_WHAT YOU HAVE TO DO_
Since only the written part is wanted, repeat the records exactly and omit the pictures.

******************************

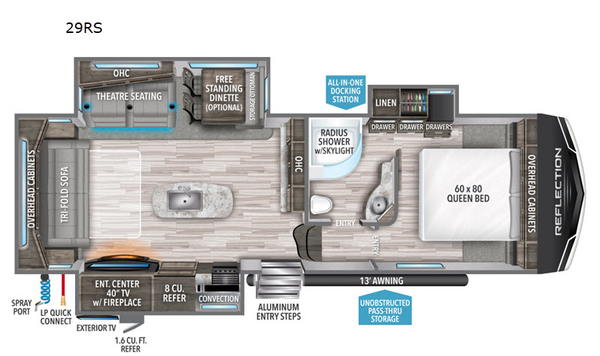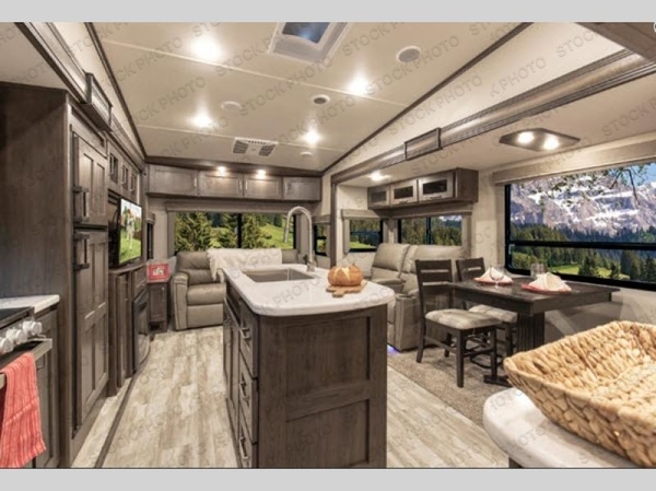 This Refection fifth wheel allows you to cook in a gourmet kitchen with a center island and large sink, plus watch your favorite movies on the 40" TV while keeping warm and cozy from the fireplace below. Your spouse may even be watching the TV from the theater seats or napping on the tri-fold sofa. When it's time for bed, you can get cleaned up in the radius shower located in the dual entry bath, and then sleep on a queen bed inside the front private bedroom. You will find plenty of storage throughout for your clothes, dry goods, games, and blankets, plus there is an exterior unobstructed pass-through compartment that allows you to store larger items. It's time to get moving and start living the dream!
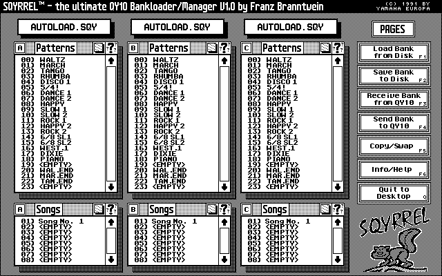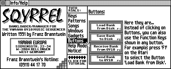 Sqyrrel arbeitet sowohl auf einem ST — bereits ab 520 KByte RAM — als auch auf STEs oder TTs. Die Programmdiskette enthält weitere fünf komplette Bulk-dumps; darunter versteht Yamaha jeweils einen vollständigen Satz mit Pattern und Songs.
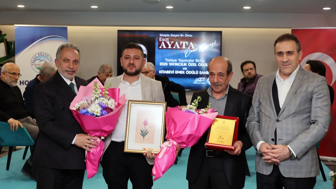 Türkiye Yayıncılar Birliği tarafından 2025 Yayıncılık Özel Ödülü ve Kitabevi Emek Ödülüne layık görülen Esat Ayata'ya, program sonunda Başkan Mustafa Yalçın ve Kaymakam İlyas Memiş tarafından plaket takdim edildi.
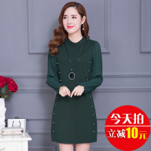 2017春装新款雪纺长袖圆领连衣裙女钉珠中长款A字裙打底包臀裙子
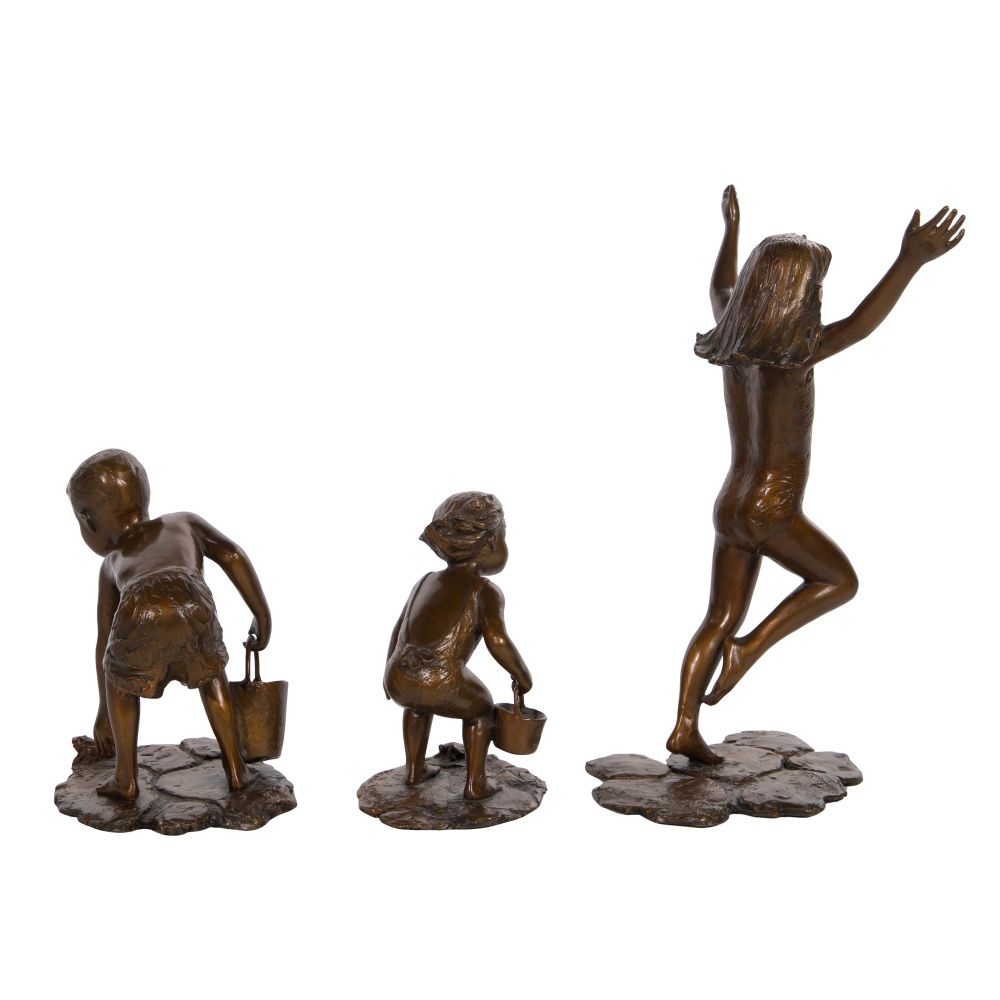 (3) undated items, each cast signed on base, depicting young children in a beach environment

******************************

_RESPONSE AREA_
 This Refection fifth wheel allows you to cook in a gourmet kitchen with a center island and large sink, plus watch your favorite movies on the 40" TV while keeping warm and cozy from the fireplace below. Your spouse may even be watching the TV from the theater seats or napping on the tri-fold sofa. When it's time for bed, you can get cleaned up in the radius shower located in the dual entry bath, and then sleep on a queen bed inside the front private bedroom. You will find plenty of storage throughout for your clothes, dry goods, games, and blankets, plus there is an exterior unobstructed pass-through compartment that allows you to store larger items. It's time to get moving and start living the dream!
 Sqyrrel arbeitet sowohl auf einem ST — bereits ab 520 KByte RAM — als auch auf STEs oder TTs. Die Programmdiskette enthält weitere fünf komplette Bulk-dumps; darunter versteht Yamaha jeweils einen vollständigen Satz mit Pattern und Songs.
 Türkiye Yayıncılar Birliği tarafından 2025 Yayıncılık Özel Ödülü ve Kitabevi Emek Ödülüne layık görülen Esat Ayata'ya, program sonunda Başkan Mustafa Yalçın ve Kaymakam İlyas Memiş tarafından plaket takdim edildi.
 2017春装新款雪纺长袖圆领连衣裙女钉珠中长款A字裙打底包臀裙子
 (3) undated items, each cast signed on base, depicting young children in a beach environment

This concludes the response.